The director of a Worcester-based storage facility company has been disqualified from acting as a company director for five years.
Graham Bradbury, of Guardian Self Storage Ltd, was disqualified for “selling assets that did not belong to the company and paying some creditors to the detriment of others”.
An investigation by the Insolvency Service found Bradbury had sold the contents of 29 containers for £29,000 cash in October 2009, after bailiffs working to recover rent arrears on behalf of the company’s landlord had seized assets on Guardian’s premises.
The money generated through the sale was not used for payements to creditors, including HMRC, the landlord of the premises and the company’s bank.

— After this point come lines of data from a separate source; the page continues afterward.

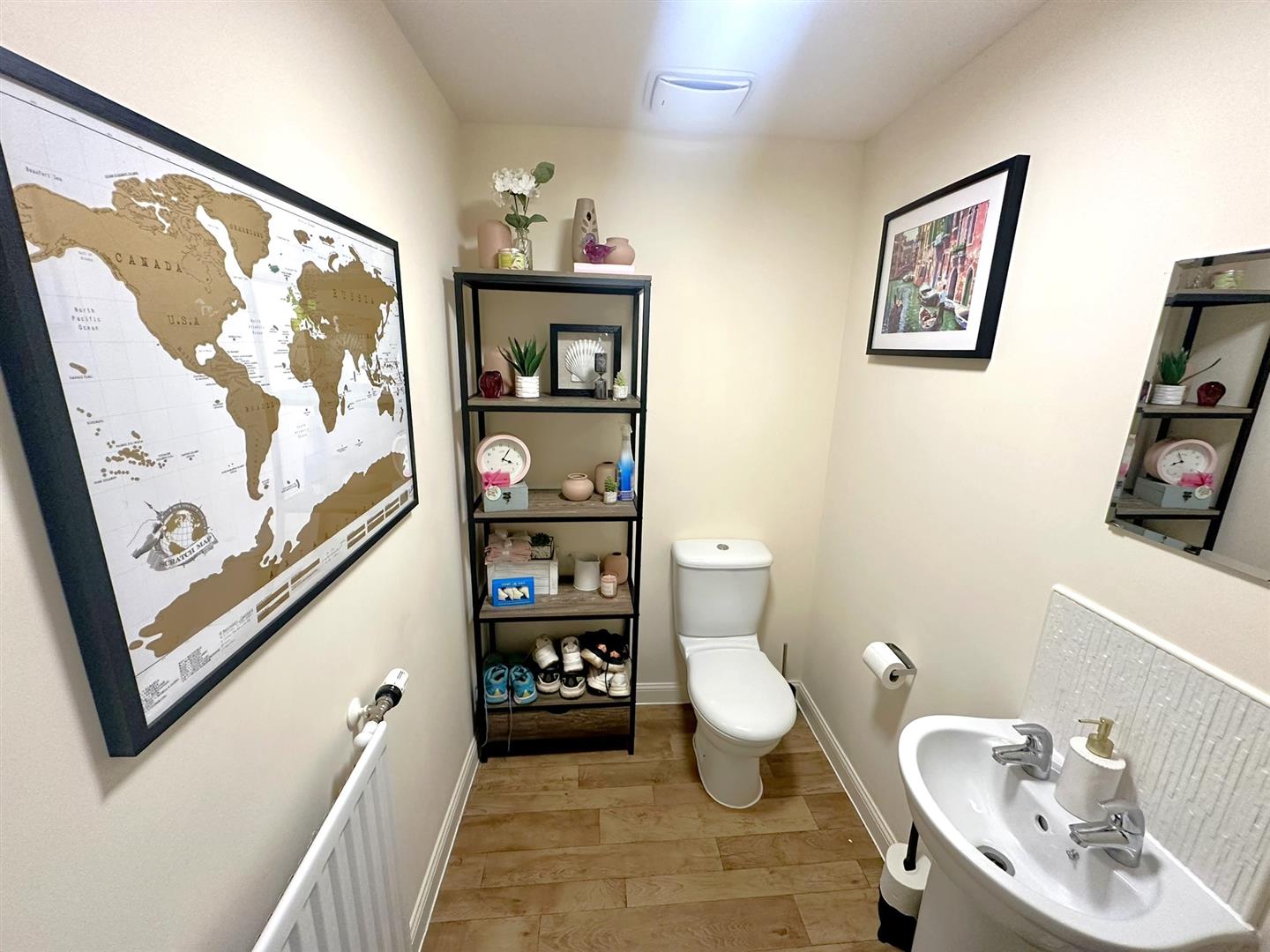 Cloakroom - 1.73m x 1.40m (5'8 x 4'7) - Low-level WC, pedestal wash hand basin, single radiator, extractor fan.
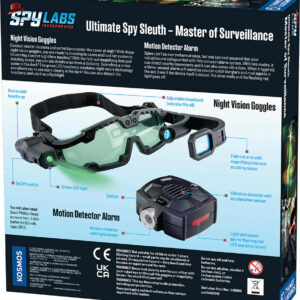 Conduct secret missions and surveillance under the cover of night! With these night vision goggles, you are ready to investigate cases and hunt for evidence. Observing a secret nighttime meeting? With the fold-out magnifying lens and scouting scope, you can see details even from a distance. Searching a crime scene in the dark? The green LED headlamp simulates night-vision technology and allows you to see more clearly in the dark! You can also detach the headlamp and use it as a flashlight.
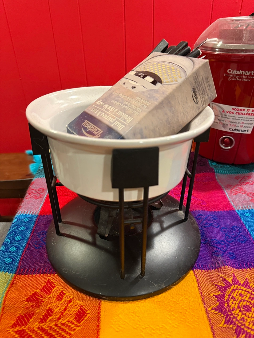 286White ceramic fondue pot, black metal stand. Includes box of Trudeau dual purpose burner. #freecycle
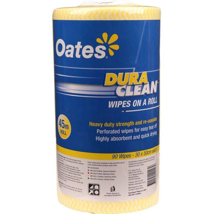 The Oates DuraClean Wipes on a Roll Yellow are a heavy-duty cleaning solution designed to tackle tough cleaning tasks. These industrial-strength wipes are highly absorbent and quick-drying, making them ideal for various cleaning applications. The perforated roll design ensures easy tear-off and efficient use.
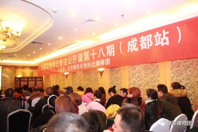 2017年最后一场征地拆迁普法公开课在成都圆满落幕,全国各地八十余人到场听课,同时线下进行同一主题直播,与现场被拆迁户共同聆听这场暖意盎然的公开课。本次授课内容干货多多,为老百姓解决征地拆迁问题提供了建设性的意见和可操作的维权方案。

Bradbury stated the money was used to pay wages to sub-contract labourers, redundancy, a solicitor, an accountant, the prospective liquidator and to repay a loan made by an employee, at a time when the company was insolvent.
Guardian Self Storage Ltd entered Creditors Voluntary Liquidation (CVL) on 26 October 2012, owing creditors a total of £178,626.
Sue MacLeod, chief investigator of insolvent investigations, Midlands & West at the Insolvency Service, said: “The law is very clear: all creditors of an insolvent company should be treated fairly so that each obtains a share of any pay-out, rather than creditors being cherry-picked.
“Mr Bradbury had already been in contact with an insolvency practitioner before he sold company assets, yet used that revenue in such a way that some creditors received nothing at all while others were paid in full. The consequence is that he is now disqualified and cannot continue in business, other than at his own risk.”